Single by Wyclef Jean featuring The Rock and Melky Sedeck

from the album The Ecleftic: 2 Sides II a Book
- B-side: "However You Want It"
- Released: 26 June 2000
- Studio: The Hit Factory (New York City)
- Length: 3:57
- Label: Columbia
- Songwriter(s): Wyclef Jean; Jerry Duplessis; Ricky Walters; Andrew Long; Desmond Child; Robi Rosa; Taffy Danoff; William Danoff; John Denver;
- Producer(s): Wyclef Jean; Jerry "Wonder" Duplessis;

Wyclef Jean singles chronology
| "New Day" (1999) | "It Doesn't Matter" (2000) | "911" (2000) |

Music video
- "It Doesn't Matter" on YouTube

= It Doesn't Matter (song) =

2000 single by Wyclef Jean featuring the Rock and Melky Sedeck

"It Doesn't Matter" is the first single released from Haitian rapper Wyclef Jean's second studio album, The Ecleftic: 2 Sides II a Book (2000).
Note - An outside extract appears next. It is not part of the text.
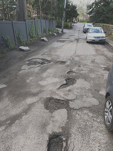 The entire street is riddled with potholes. This can cause property damage to vehicles.

Written by Jean and Jerry Duplessis, the track features additional vocals from Melky Sedeck and wrestler The Rock, whose famous catchphrase inspired the song title. The song includes samples of "Mona Lisa" by Slick Rick, "This Is Ska" by Longsy D, "Livin' la Vida Loca" by Ricky Martin, and "Take Me Home, Country Roads" by John Denver, so all songwriters are given credits.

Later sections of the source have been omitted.